2. Tracestate (Optional): Vendor-specific metadata for additional context.

Why W3C Does Not Include Parent Span in Header

W3C Trace Context focuses on:

Minimizing Header Size: Reducing the number of fields in the traceparent header ensures efficiency, especially for large-scale distributed systems.
Flexibility: The Parent Span ID is a backend-specific concern. Backend systems like Jaeger, Zipkin, or OpenTelemetry already store and handle parent-child relationships in their internal data structures.

1. Generating Traces

Each incoming request is assigned a unique trace ID.
Each operation (e.g., processing a request in a service) generates a span, linked to the trace ID.

2. Propagating Context

Trace context (trace ID, parent span ID) is passed between services using standard headers like:
W3C Trace Context: traceparent, tracestate.
B3 Headers: X-B3-TraceId, X-B3-SpanId by ZipKin (Twitter)

3. Instrumentation

Services are instrumented using libraries like OpenTelemetry, Brave, or Jaeger to generate and propagate traces.

4. Storing and Analyzing Traces

Traces are sent to a backend system for storage and analysis (e.g., OpenTelemetry, Jaeger, Zipkin, Splunk, ELK, Datadog, & New Relic).

5. Visualizing Traces

Tracing tools provide visualizations, showing the flow of requests through services and highlighting key metrics like latency and error rates.

Summary: Tracing as an Observability Pillar

Tracing is one of the three pillars of observability (along with metrics and logs). Its importance in microservice and cloud-native architectures cannot be overstated, as it provides the visibility required to:

Debug complex issues.
Optimize performance.
Understand dependencies.
Improve the user experience.

By implementing tracing, teams can ensure that their systems remain maintainable, scalable, and resilient, even as they grow in complexity.

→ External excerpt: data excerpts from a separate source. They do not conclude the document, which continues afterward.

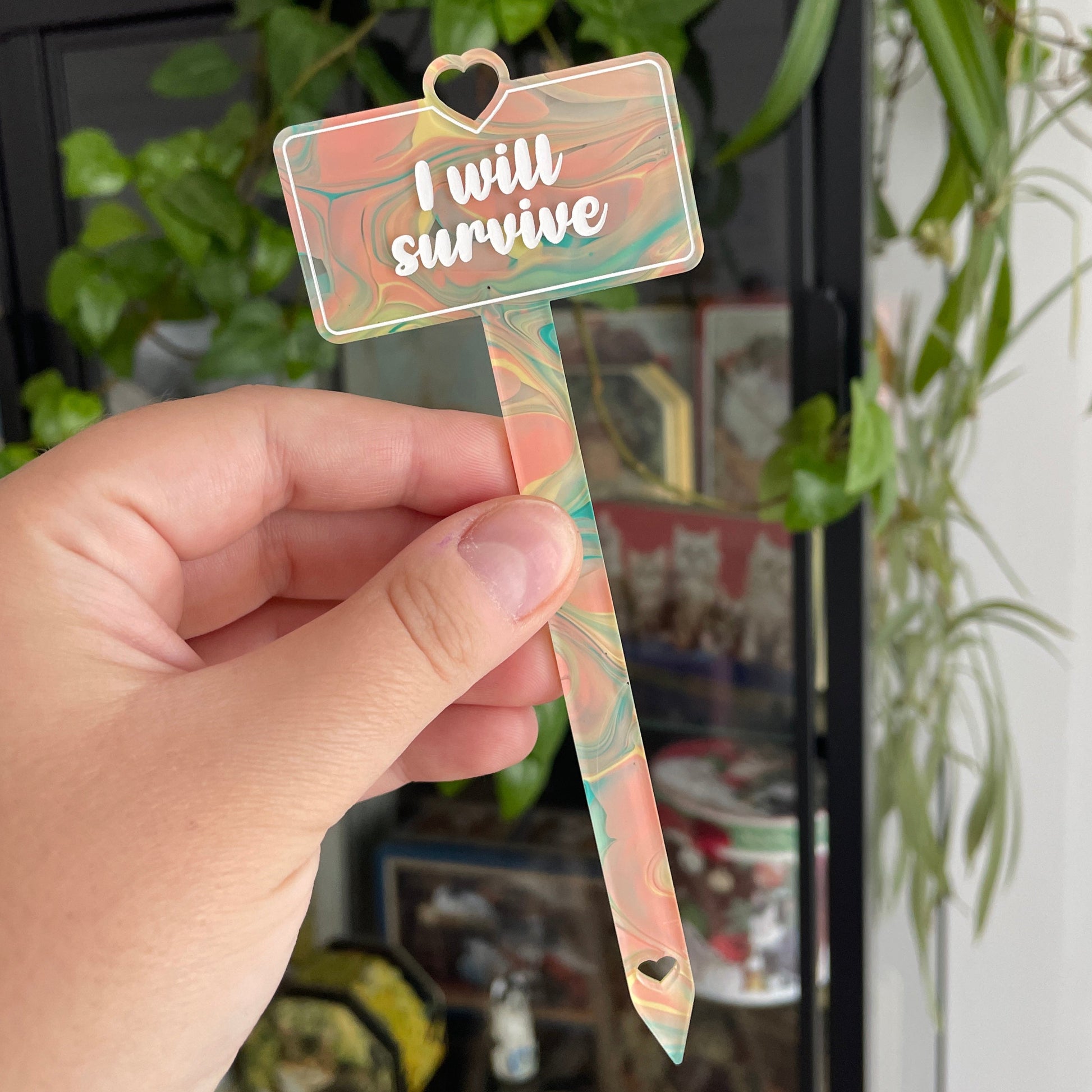 [CONTRÔLE TECHNIQUE] Pic à plante "I will survive" en acrylique transparente marbrée jaune, verte et corail
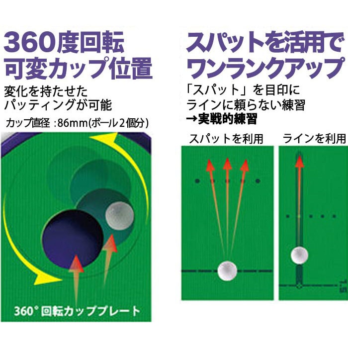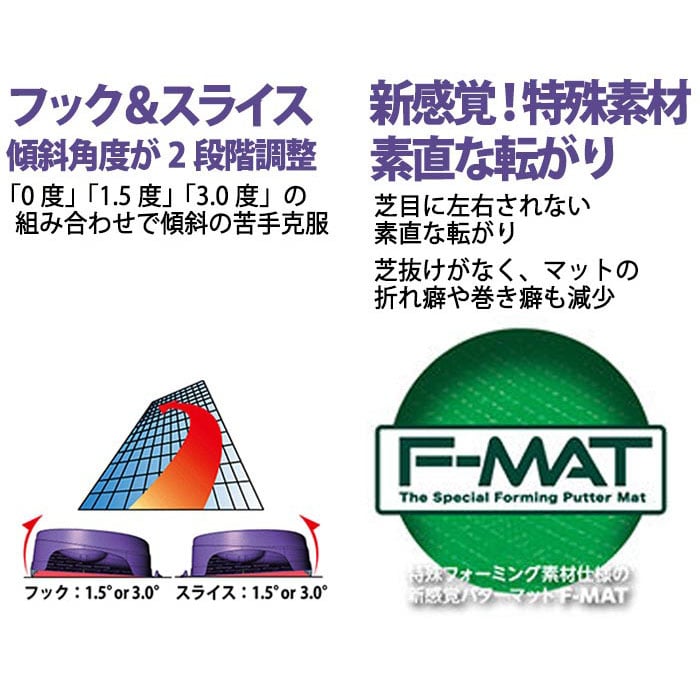 藤田寛之プロと株式会社タバタとの共同開発 第3弾「Fujita マット U-2.3」 藤田寛之プロ直伝!傾斜を制するパターマット ●フック&スライス 2段階調整できる傾斜角度を組み合わせて苦手を克服 使い方やラインの設定も簡単で、パターマットのベース側になる「スペーサー」で、フック、スライスの傾斜角度をワンタッチで変更可能。 転がしたボールの重みなどで、マット面が動いたりすることなく安定した設計になっている。 傾斜の角度については藤田寛之プロの度重なる監修のもと最適な角度に設計され、左右に「緩やかな1.5度」「きつい3.0度」の2段階づつを配置。 「ストレート」「フック1.5度」「フック3.0度」「スライス1.5度」「スライス3.0度」計5種類のラインが練習可能。 ●新感覚!特殊素材「フォーミングマット」で素直な転がり 一般的なパターマットでは当たり前になっている「人工芝」を採用せず、いままでにないほどの新感覚「フォーミングマット」を採用。 ボールの転がりが人工的な芝目に左右されず、自然な軌道を描きます。 特殊フォーミング素材のソフトな感覚が実戦的でスムーズな転がりと、打ち出し感を再現。 特に、人工芝の欠点である、折れ癖・巻き癖・人工芝の不自然な順目逆目・芝糸の抜けなどがなくメンテナンス性に優れています。 ●スパット活用でワンランクアップ 「スパット」を目印にしてラインに頼らない実践的な練習が可能。 ただし、基本となるストレートの練習も可能なようにストレートラインも実装しています。 ●360度回転!可変カップ位置 藤田寛之プロのパターテクニックを反映させるため、360度回転式のカッププレートを採用。 任意の位置が設定できる為、変化を持たせたパッティングが可能。 (カップ直径:86mm ※ボール2個分)
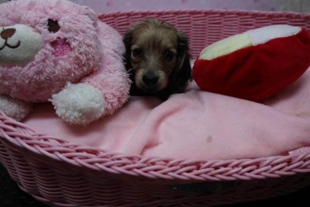 この度は可愛いカニンヘンダックスの女の子を譲っていただきありがとうございます。濱田さんのところからのお迎えは2頭目で、可愛さは初めの子でわかりすぎるほどわかっていたので絶対可愛くなること間違いなしで決めさせていただきました。 どんなことでも相談してくださいねと言う心強い言葉や、可愛い動画を送っていただいたりと本当によくしていただけました。 ワンちゃんは初日からアイコンタクトばっちり、よく食べ、よく寝て、元気いっぱいです。 家にきて1週間、先住犬と遊びながら元気に成長中です。 またよろしくお願いします。(大阪府 女性)

Logs / Metrics / Tracing — Tools Comparison

Below is a list of leading tools in the industry for handling observability data (logs, metrics, and traces), along with a comparison of their server and storage capabilities, as well as their support for the three fundamental observability pillars (logs, metrics, and traces).

**Observability Platforms/Tool Comparison**

Comparison summary

The table below presents a comparison of widely-used tools in the observability domain, focusing on their roles in managing logs, metrics, and traces. These tools are grouped by their primary functionality, such as unified observability, logging, metrics collection, or tracing.

Their key strengths are highlighted, showcasing how they excel in modern cloud-native ecosystems. In this series, we will specifically explore OpenTelemetry, a prominent initiative supported by the Cloud Native Computing Foundation (CNCF).

OpenTelemetry

OpenTelemetry (OTel) is a vendor-neutral observability framework for cloud-native software. It provides tools, APIs, and SDKs for collecting, processing, and exporting telemetry data (traces, metrics, and logs) to observability platforms.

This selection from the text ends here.